Заседания бюро кончались поздно ночью, когда городской транспорт уже не работал, и мы, члены бюро и секретари, шли через всю Москву пешком. Денег на такси у нас не было.

Помню, я долго стоял на углу Трубной и Цветного бульвара с Борей Хмельницким. (Будущий Робин Гуд был тогда секретарем комитета комсомола Щукинского училища.) Обсуждали дело студентки ГИТИСа, которая вела крайне неправедный образ жизни.

Борис посмотрел на часы:

— Пять. Через час поедут троллейбусы. Давай еще час поговорим о ком-нибудь. У нас в училище тоже есть пару блядей. И каких!

461. Так ведь совокупляются

То и дело приходилось тормозить ретивых секретарей первичных организаций: бюро ГИТИСа норовило исключить из комсомола Ларису Голубкину за то, что та несвоевременно уплатила взносы за гонорар, полученный за «Гусарскую балладу», бюро Института славистики исключило парня из комсомола за то, что тот наотрез отказался жениться… на члене бюро. В МГИМО «раскрыли» заговор с целью покушения на Хрущева (всего-навсего!), а в Институте иностранных языков четыре (!) раза раскрывали «притоны». Правда, в одном случае то, с чем мы столкнулись, вполне подходило под это название.

Я спросил у секретаря иняза:

— Что у вас происходит на самом деле?

И он шепотом ответил:

— Так ведь совокупляются.

На самом деле вместо книжного «совокупляются» он употребил другое слово — на «е».

462. Как шьют солдатские шапки

Члены бюро покатываются со смеху. Я стою и не могу понять, что происходит.

Обсуждали ЧП на единственной в нашем интеллигентном районе фабрике. Называлась она «Красный воин», там шили солдатские шапки. Две девчонки, учащиеся техникума при фабрике, поругались, и одна засунула другой бутылку… попробуйте догадаться куда. Врач не засвидетельствовал никаких повреждений деликатного женского организма, несмотря на то, что жертве было всего 14 лет.

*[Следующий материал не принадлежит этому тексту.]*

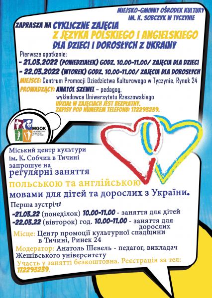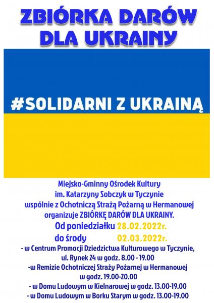 Obrazek Od poniedziałku do środy wspólnie z Ochotnicza Straż Pożarna w Hermanowej organizujemy ZBIÓRKĘ DARÓW DLA UKRAINY. Do Zbiórki Darów dla Ukrainy dołączył się Miejsko-Gminny Ośrodek Kultury im. Katarzyny Sobczyk w Tyczynie.  więcej
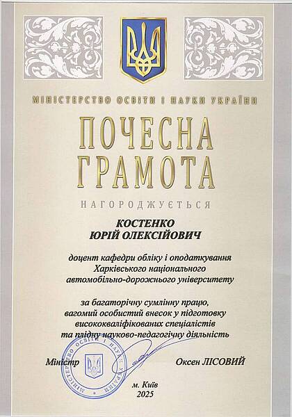 Щиро вітаємо доцента кафедри обліку і оподаткування, гаранта ОП «Облік і оподаткування» першого (бакалаврського) рівня вищої освіти, заступника декана ФУБ з навчально-методичної роботи Костенка Юрія Олексійовича з отриманням Почесної грамоти Міністерства освіти та науки України за багаторічну сумлінну працю, вагомий особистий внесок у підготовку висококваліфікованих спеціалістів та плідну науково-педагогічну діяльність.
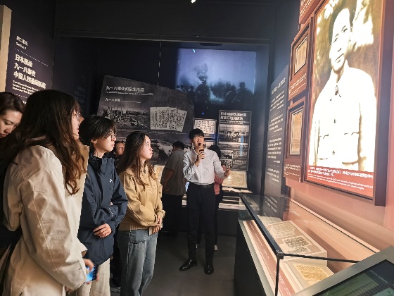 参观过程中,同志们不时驻足凝视、轻声交流。当看到 “九一八事变” 后东北人民自发组织抗日武装、“一二・九运动” 中青年学生高呼爱国口号游行示威的展区时,在场党员纷纷感慨道:“以前在课本上学习抗战历史,总觉得有些遥远,今天亲眼看到这些文物和照片,才真正明白‘爱国’不是一句口号,而是无数先辈用生命和鲜血践行的信仰。”
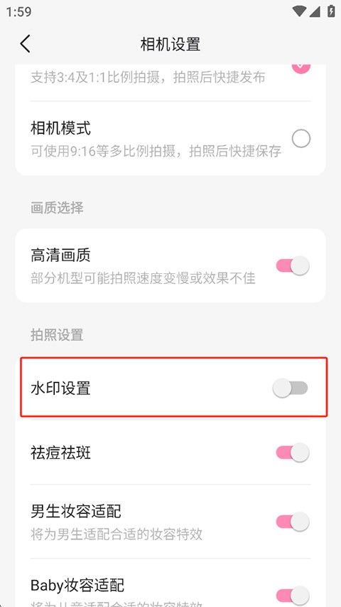 3. 找到“水印设置”开关,关闭即可(部分版本显示为滑动按钮)。
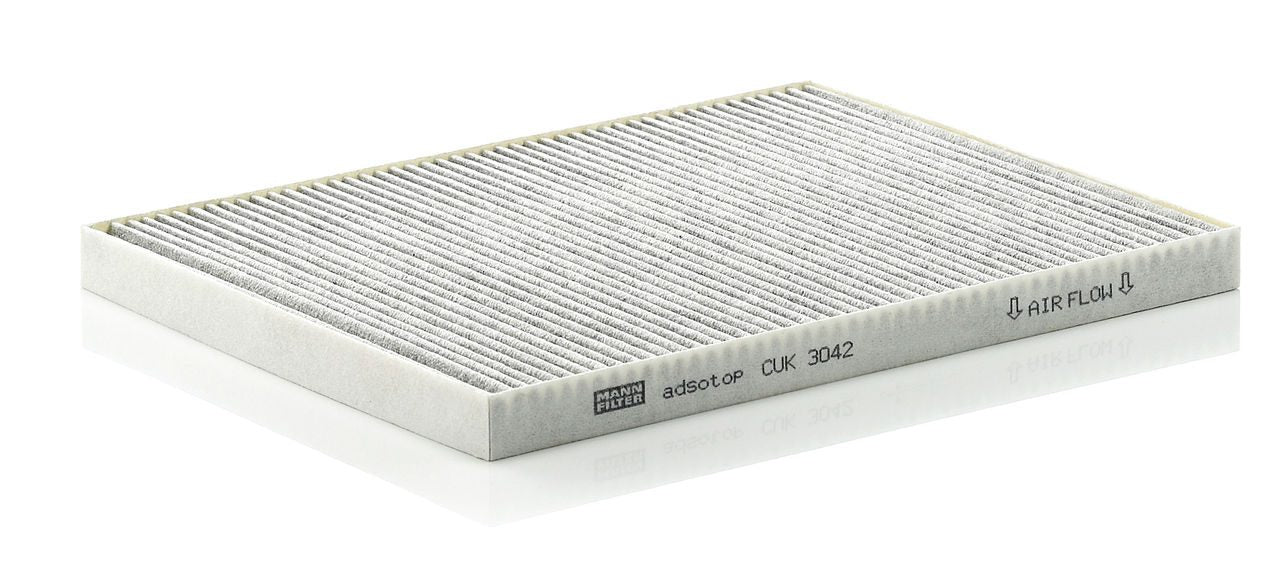 High-quality MANN-FILTER cabin filters with active carbon - nearly 100% protection from particles like pollen, diesel soot & tyre abrasion / Additional protection from harmful gases & unpleasant odour. The trated highly-effective activated carbon gives protection against harmful gases such as ozone, nitrogen oxide or sulphur dioxide and eliminates unpleasant odours during the entire service interval.
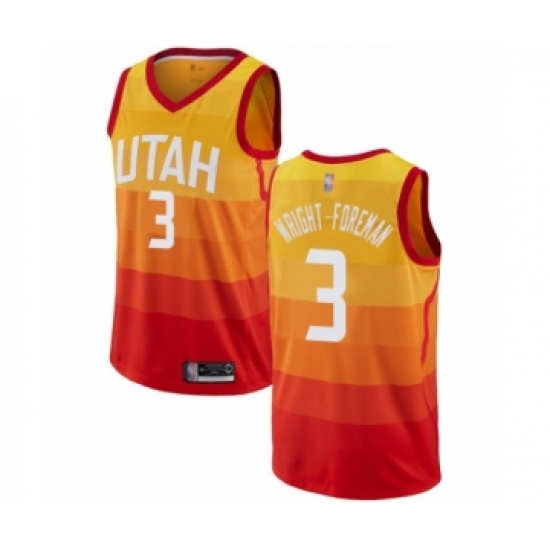 >Men's Utah Jazz #3 Justin Wright-Foreman Authentic Orange Basketball Jersey - City Edition
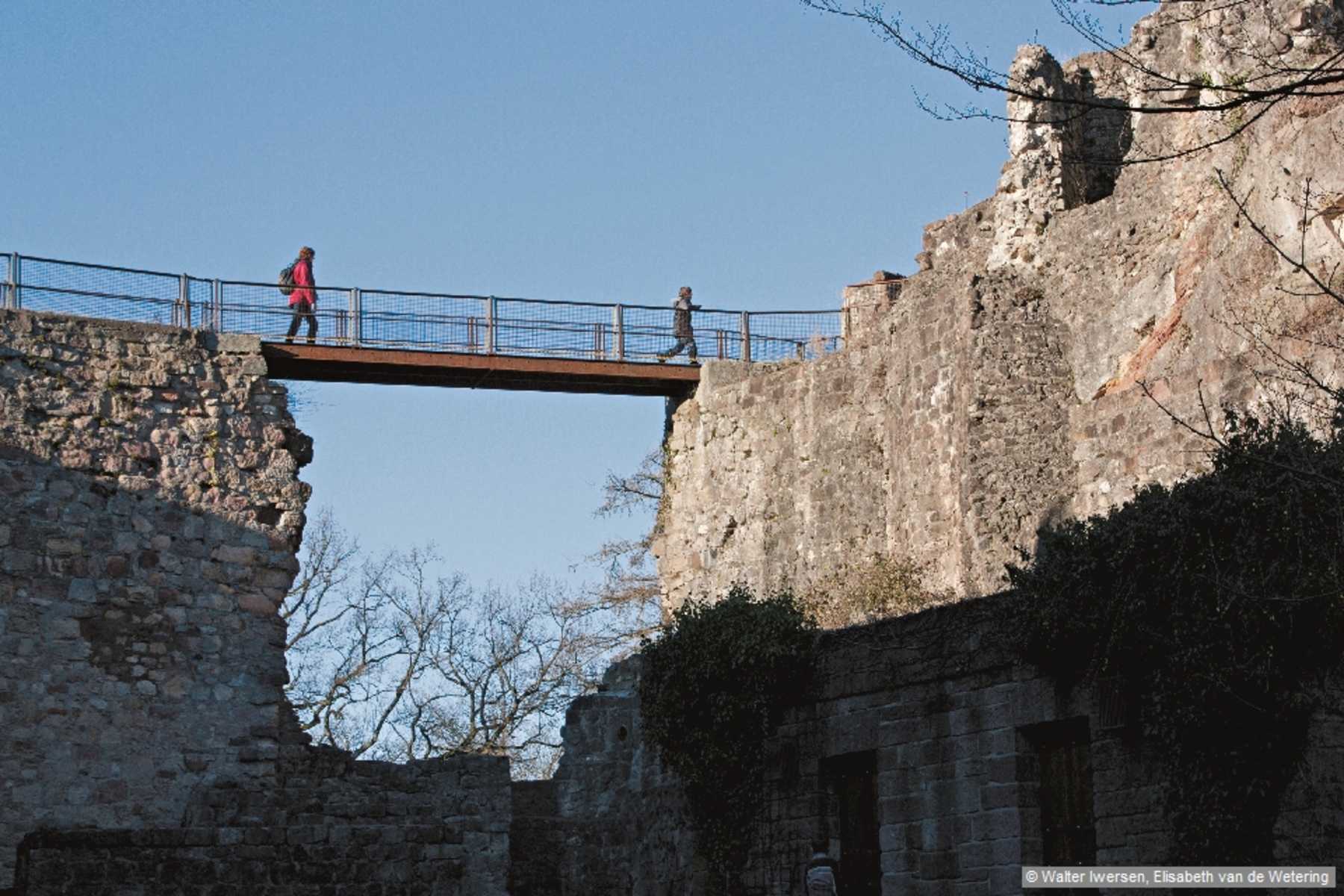 Steg auf der Ruine Hochburg. Foto: Walter Iwersen, Elisabeth van de Wetering, Bergverlag Rother
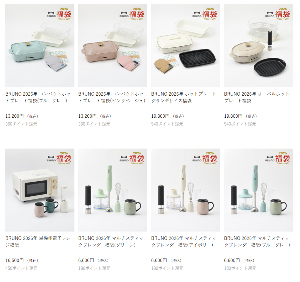 毎年恒例のBRUNOの福袋2026が登場!ホットプレートをはじめ人気のキッチン家電やビューティーアイテムまで全14種類がラインナップ。
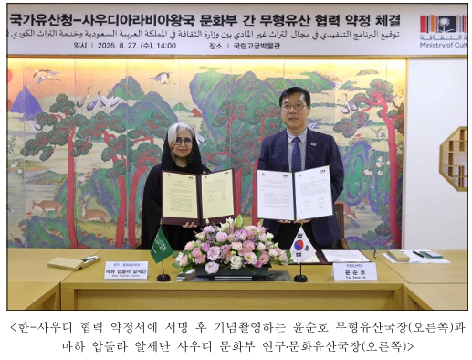 국가유산청, 사우디아라비아 문화부와 무형유산 연구교류 협력- 무형유산 기록물 디지털화 역량과 무형유산 공동연구 양국 협력 강화… 약정식(8.27, 국립고궁박물관)정호 기자 / |
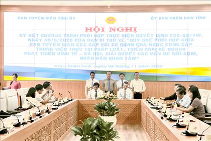 05/11/2022 08:05' Chiều 4/11, UBND tỉnh Thừa Thiên Huế và Ban Tuyên giáo Tỉnh ủy ký kết Chương trình phối hợp thực hiện Quyết định 238 – QĐ/TW, ngày 30/9/2020 của Ban Bí thư về việc ban hành “Quy chế phối hợp giữa Ban Tuyên giáo các cấp với cơ quan Nhà nước cùng cấp trong việc thực thi pháp luật, triển khai kế hoạch phát triển kinh tế - xã hội, giải quyết các vấn đề nổi cộm, Nhân dân quan tâm”(gọi tắt là Quy chế 238).
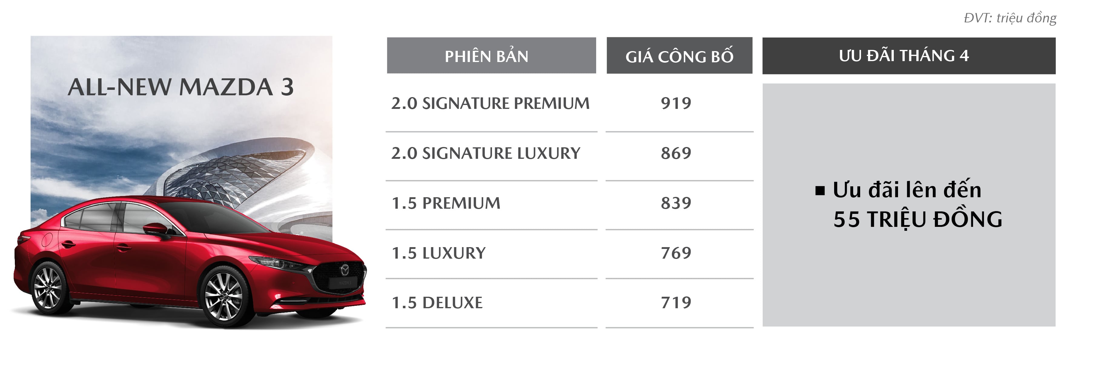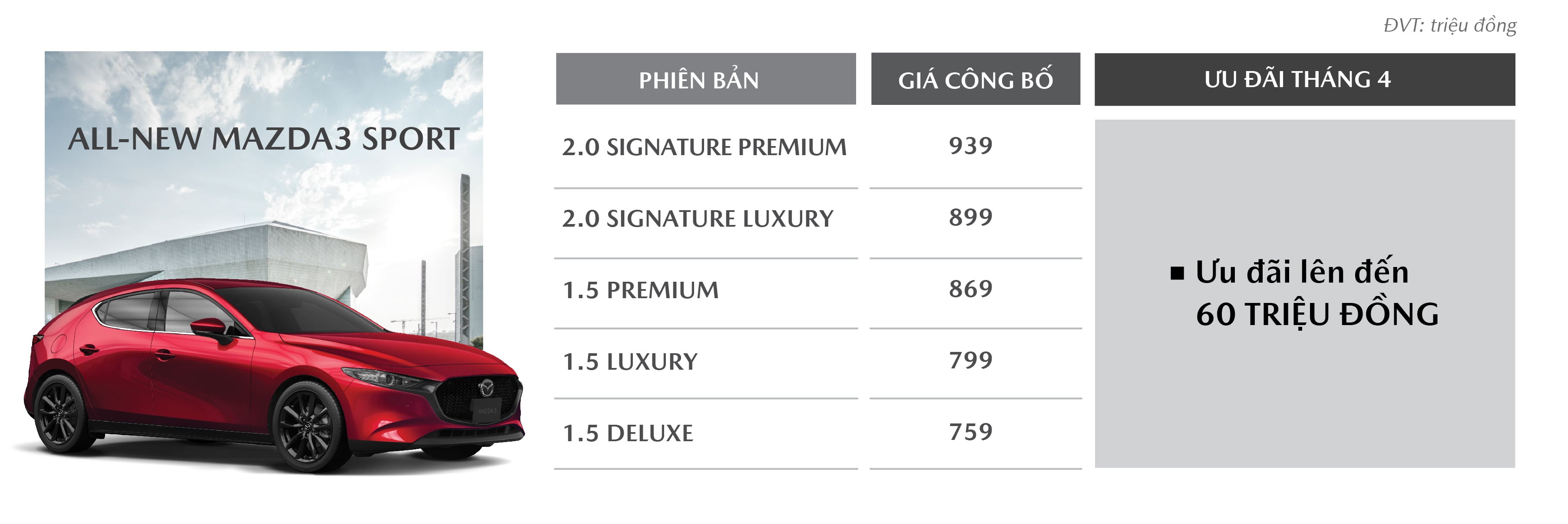 Nhân sự kiện Mazda3 2020 chiến thắng hạng mục “Thiết kế xe của năm” tại “Giải thưởng xe hơi thế giới” (World Car Awards), All-New Mazda3 và All-New Mazda3 Sport được nhận ưu đãi lên đến 60 triệu đồng từ hãng bên cạnh nhiều quà tặng và ưu đãi giá trị khác đến từ Đại Lý. Đây được coi là mức ưu đãi hấp dẫn nhất trong phân khúc C giai đoạn từ nay đến hết tháng 4.
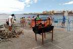 A las 10.00 horas, una embarcación a remo de los pescadores con sede en el muelle de Taliarte arribaba a la playa de Melenara, donde luego sus ocupantes, marinos de la zona, mostrarían el arte de pesca del chinchorro ya en desuso.
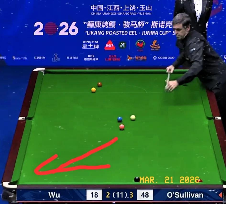 52-48,吴宜泽单局极限逆转,二连胜追平比分3-3。 第6局,吴宜泽开局长台准进拿1分,未联上彩球延续进攻。 防守中火箭觅得进攻机会,但在超分关键时刻失误,给了吴宜泽上手追分机会,尽管后续双方互有失误送大礼,但奥沙利文这个致命失误(如图2、3),让吴宜泽笑到最后,又拿下一个关键局。
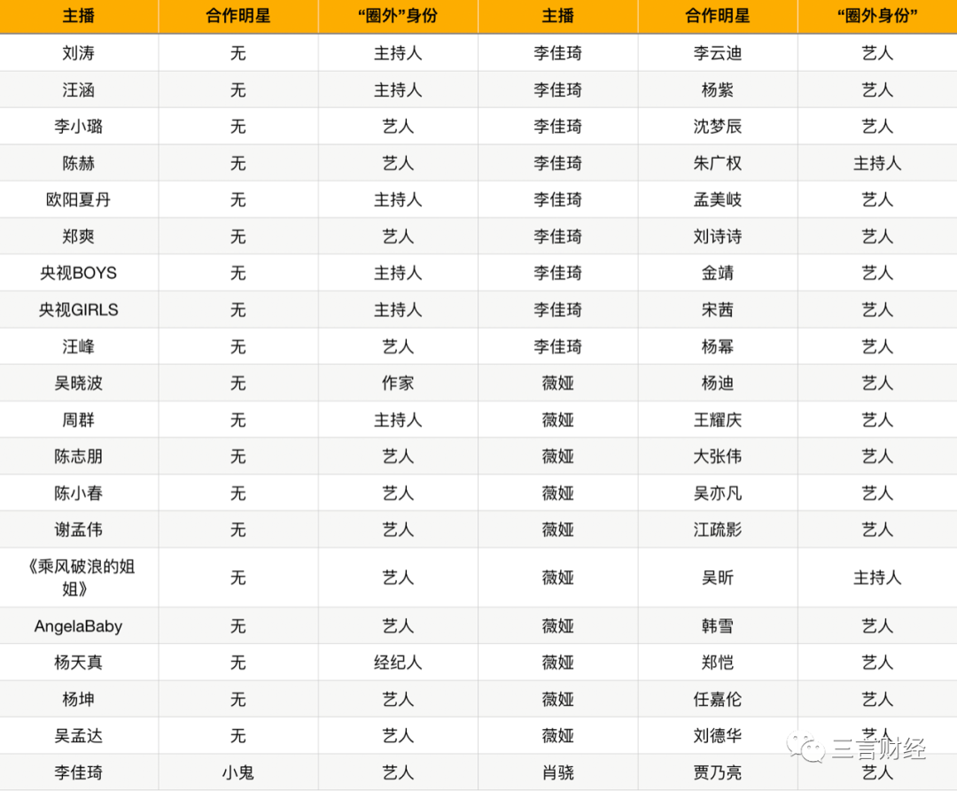經三言財經不完全統計,2020年加入直播帶貨,包括自主直播和與李佳琦、薇婭等網紅合作的明星藝人、主持人等超過40名。
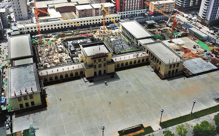 5月8日,太原工人文化宫北侧外立面改造一新,正在进行南侧主体工程建设。改造结束后将提升迎泽大街沿线建筑风貌,成为一流的市民文化广场和重要的会议活动中心。 邓寅明 摄
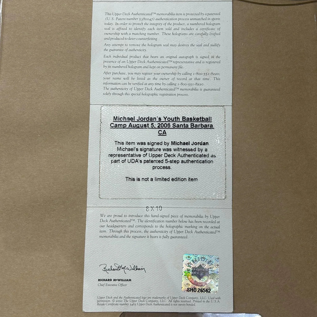 Experience the thrill of owning an authentic piece of basketball history with this deluxe framed 8x10 photo, showcasing the legendary Michael Jordan's autograph. Professionally crafted by UDA Upper Deck, this is the perfect addition to your home or office decor, solidifying your status as a true fan. Don't miss out on this must-have item!
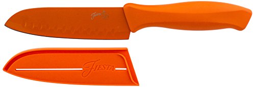 Celebrate color and function with this 5" Tangerine Santoku Knife from Fiesta, perfect for slicing, dicing and mincing. Ergonomically designed soft-touch handles for exceptional comfort and durability. High carbon stainless steel blades with FDA approved, non-stick color coating. As with all fine cutlery, hand-wash is recommended. Wash in warm, soapy water after every use. Dry promptly after washing for best results.
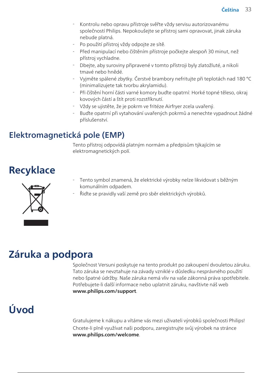 Společnost Versuni poskytuje na tento produkt po zakoupení dvouletou záruku.
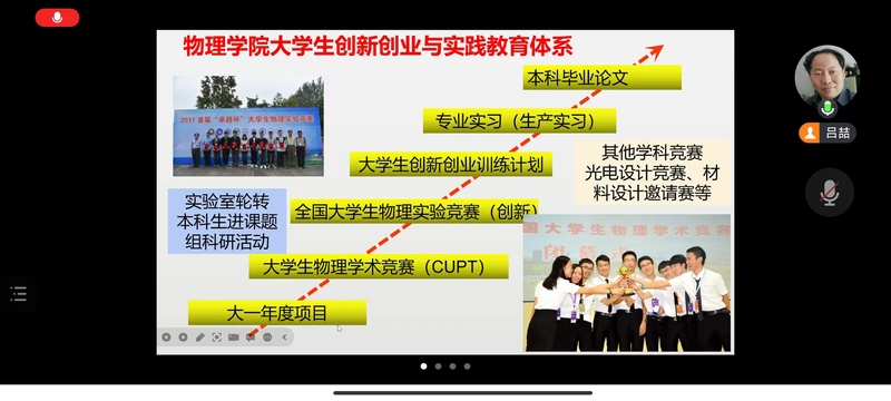 针对2023年秋季学期即将开展的大学生创新创业训练计划项目的申报要求、项目选题、实施过程及学校政策等内容,于2023年9月28日晚在腾讯会议召开创新创业讲坛暨大学生创新创业项目宣讲会,主讲人为吕喆教授。
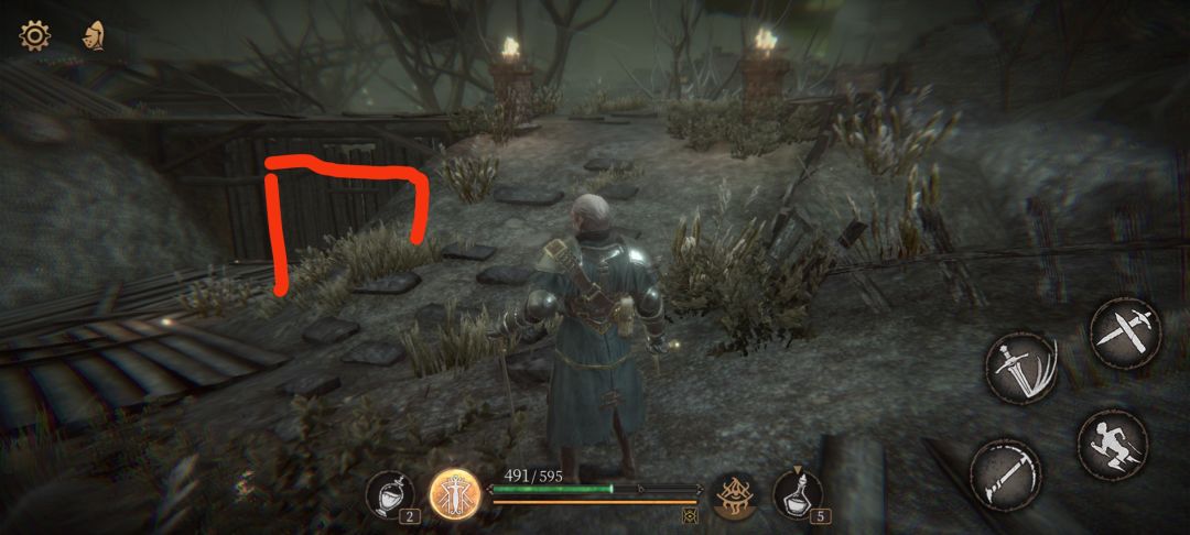 23.旁边有赫吉(骨粒)、可以踢的梯子。然后按红标从屋子搭起来的台子上一直走到一个小道,可以到秘境

Заседание бюро райкома комсомола. Исключаем из комсомола виновную. Я веду заседание. Читаю мораль по поводу того, что «ты слабая девочка, и не в твоих интересах, чтобы мир был устроен так, чтобы диктовали сильные».

— Запомни мудрое житейское правило, — вещал я. — Как ты с людьми, так и они с тобой.

И вдруг девица завизжала: «Ой, пожалуйста не надо», а члены бюро покатились со смеху.

Смеялись долго. Оказывается, увлекшись пылкой речью, я не заметил, как локтем отодвинул штору, и взору присутствующих открылся подоконник, на котором стояла… пустая бутылка. И девица решила, что сейчас ее ожидает публичное возмездие.

463. У собаководов

— Слово предоставляется секретарю Фрунзенского райкома комсомола…

И моя фамилия.

Отказываться было глупо…

В райком часто приходили разнарядки на сидение в президиумах. Так получилось и в этот раз. Из горкома пришло указание направить одного из секретарей на всесоюзный слет (или съезд) собаководов. Отдельно было оговорено: без выступления. Поехал я.

Слет проходил в Клубе имени Дзержинского. Среди организаторов оказался мой бывший сотрудник по райкому Олег Гудим. Парень неординарный, с выдумкой. И он выдумал: вписал меня в списки выступающих, шутки ради. Он решил: когда объявят «Слово предоставляется такому-то, приготовиться следующему оратору», он подойдет к ведущему собрания и скажет, что произошла ошибка.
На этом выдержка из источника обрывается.